Eniola Ajao  is a Nigerian actress from Epe who has acted in over 75 films. She is known for her dynamism and versatility on set in her role delivery.

Personal life
Ajao and her twin sister are the youngest siblings of her parents' six children. The twin celebrates their birthday on 21 January. Growing up Ajao attended Saint Michael’s Anglican Primary School and Army Secondary School in Epe. According to Ajao although she wanted to make her parents proud, she dreamed of being an actress since she was young. Ajao would go on to attend Yaba College of Technology and then the University of Lagos where she would earn her degree in accounting.
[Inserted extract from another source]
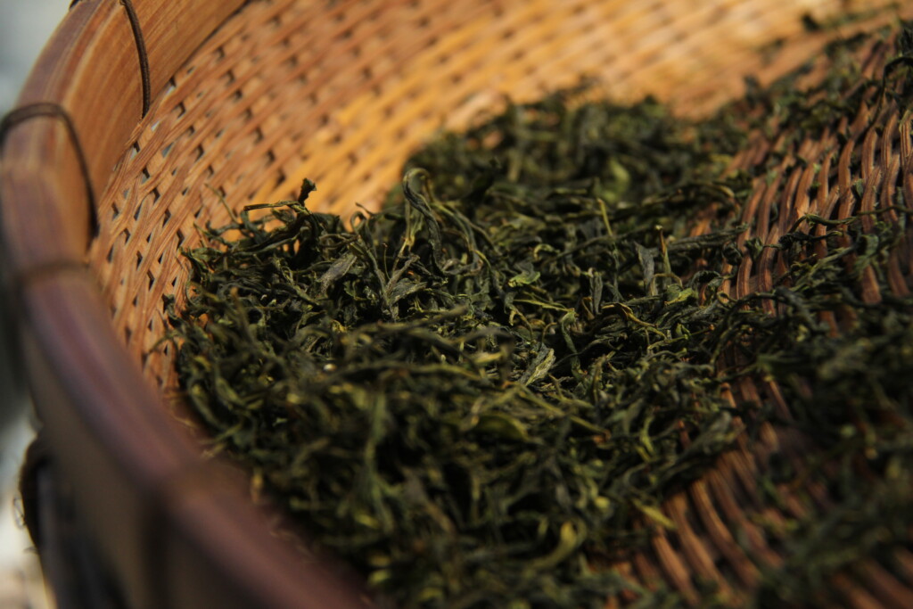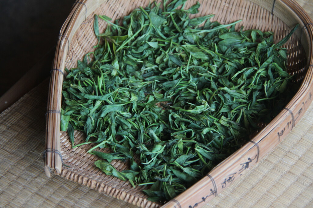 突起の頂部付近で乾燥させていくのですが、だんだんチャベロと茶葉の間が蒸れてくるので、ときおり茶葉を下の窪み落として、チャベロ頂部を乾燥させます。

Eniola Ajao gave birth to a son named Ayomide Okikiola Daniel on 17 May 2002.

Despite numerous rumors, she is not in a relationship with frequent collaborator Odunlade Adekola.

Acting career
Ajao's first film role would be in 2004 where she was cast in the film Ìgbà Aìmọ̀. Other films she has acted in include Eniola, Erin Orin, and Daramola. She starred in the 2018 film The Vendor. Ajao played the lead role of yeye Alara  released in December 2018.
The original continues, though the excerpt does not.